Et le bavardage s’est fait chair

Son dernier film, Magic in the Moonlight, encensé avec raison par la critique, se déroule sur la Côte d'Azur des années 1920, décor de vacances et époque de style, de quoi mettre dans un apaisement d’âme le spectateur. Apaisement confirmé car Woody Allen n’est à l’aise que dans le monde civilisé. Puisqu’il ne sait que parler et raconter, il lui faut des conditions propices. C’est bien dans un monde où les conventions sont bien présentes, que l’on peut tout dire sans déclencher une guerre de brutes. Le duo Colin Firth-Emma Stone teste ainsi leur propre résistance, s’éprouve pour mieux succomber.

Les personnages sont bavards, en dialogue permanent, à bon débit, mais c’est qu’ils ont à dire pour exister. « Je parle donc j’existe » pourrait dire le cinéaste.
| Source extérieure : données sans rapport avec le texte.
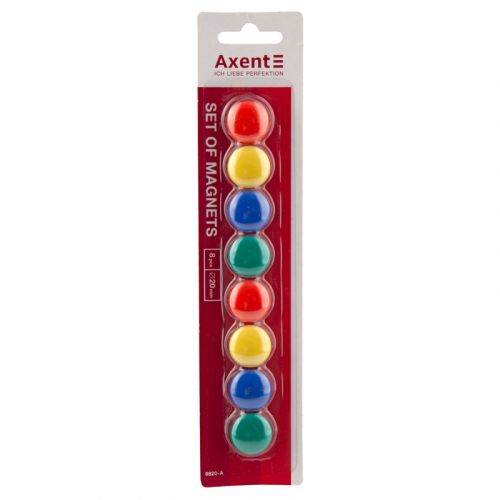 Магніти використовуються для фіксації інформації на гладких металевих поверхнях, перш за все сухостираємих дошок і фліпчартів. Їх використовують для візуальної комунікації в процесі презентацій, зустрічей, навчань, коли на дошці потрібно закріпити друкований матеріал. Також нотатки, чеки, квитанції, дитячі малюнки не загубляться, якщо прикріпити їх магнітом до дошки. У набір входять магніти в кольоровому пластиковому корпусі, круглі, діаметром 20 мм.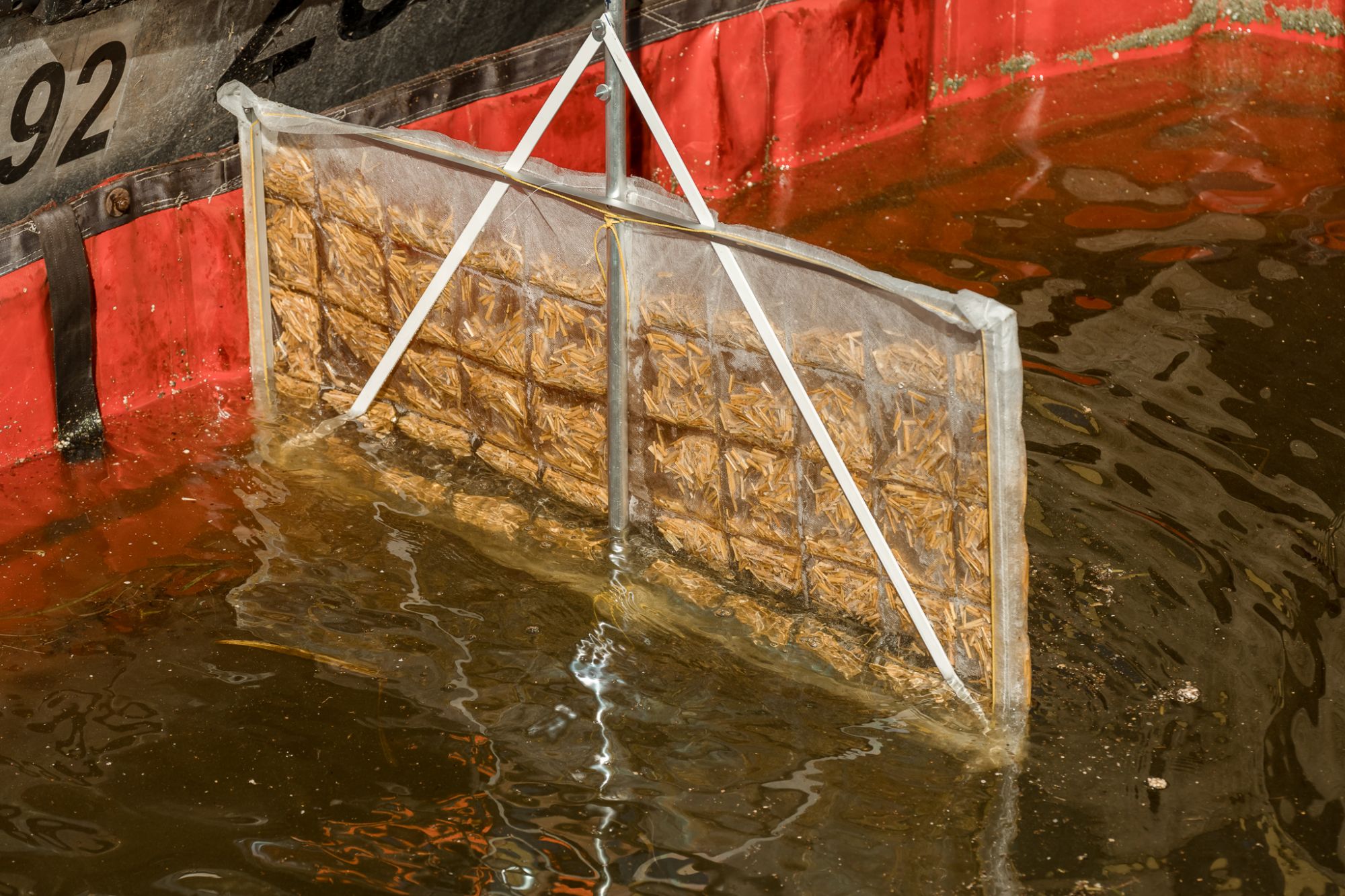 The uniqueness of the innovation that successfully passed the test in the scientific research laboratory this spring is that oil products spilled into waters are neutralised using a sorbent of natural origin –hydrophobised straw with oil-degrading microorganisms extracted from the environment of the Baltic Sea. This is an environmentally friendly technology, created using inexpensive, natural materials. The technology has already been patented in Lithuania, and KU has submitted a priority application to the European Patent Office.

Et comme nous sommes dans un monde très civilisé, les aphorismes pleuvent, l’ironie mord tous les cerveaux. Mais la violence et la guerre sont impossibles, puisque nous sommes en conversation, il s’agit juste d’exister et de se confronter les uns aux autres par la parole. On parle du côté du magicien rationaliste d’un monde du trucage sans magie, des sciences, des leurres, de la matière qui ne ment pas, on se moque de ceux qui prient, de ceux qui prennent des ectoplasmes pour des âmes, de ceux qui se laissent berner et aiment ça. Du côté de la médium et de ses fans, on parle de surnaturel, de magie, de monde invisible, et on plaint l’homme cynique, pessimiste et tristement rationnel.

L’amour est-il de ce monde ?

Le film raconte en fait deux choses à deux plans différents. Il met en scène le rapport de chacun avec sa propre dimension métaphysique, via le récit du magicien matérialiste qui finit par tomber amoureux de la jeune femme médium dont il était venu démasquer le charlatanisme. Le débat s’incarne dans les personnages sur la possible existence du surnaturel dans ce monde, et finit par révéler l’irréfragable irrationalité du sentiment amoureux.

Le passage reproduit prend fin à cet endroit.